Fin24.com, Business Day, 20. April 2011

Johannesburg - Government is planning to shift black economic empowerment (BEE) rules away from equity investment and ownership towards productive activities, Business Day newspaper reported on Wednesday.

The Department of Trade and Industry told the newspaper that amendments to the broad-based BEE Act, aimed at shifting its focus from equity deals to enterprise development, will be tabled in Parliament by July.

BEE is designed to widen ownership of the South African economy, which is still mainly in white hands 17 years after the end of apartheid.

A number of global and local firms have sold portions of their local units to black investors to meet the regulations.

Some BEE deals have been criticized by unions and opposition politicians who say they benefit a small group of politically connected black businessmen to the exclusion of the vast majority of poor black South Africans.

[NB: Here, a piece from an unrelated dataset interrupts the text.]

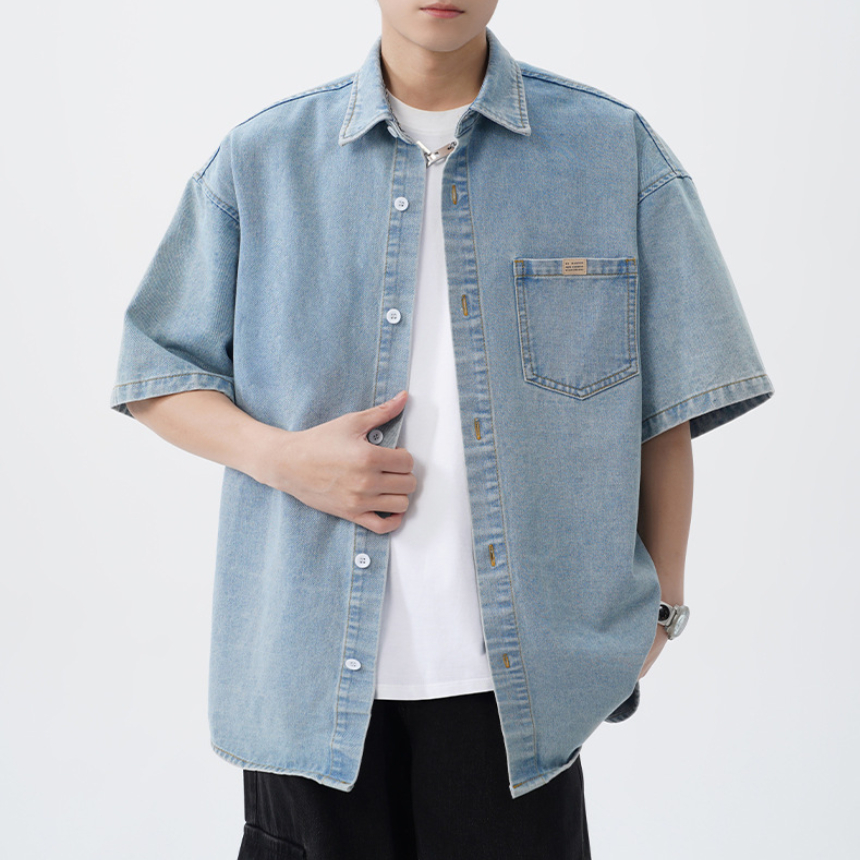 에스이오앤오 남자 청남방 오버핏 워싱 데님 셔츠 반팔
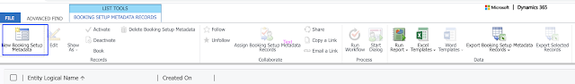 Go to advance find and select the "Booking Metadata Setup" entity and click on the create new record button on the advanced find UI.

The amendments would seek address criticism that BEE was only creating a class of passive black shareholders rather than entrepreneurs actively engaged in economic activity.

The amendments would also be in line with the government's efforts to promote initiatives aimed at enhancing production and bolstering growth in South Africa.

Last month, Microsoft South Africa, a unit of the world's largest software firm, said it will invest R475m in four black-owned software firms to meet BEE rules.

The deal was in place of selling a stake to black investors, which is the route usually taken by most foreign and local firms in Africa's biggest economy.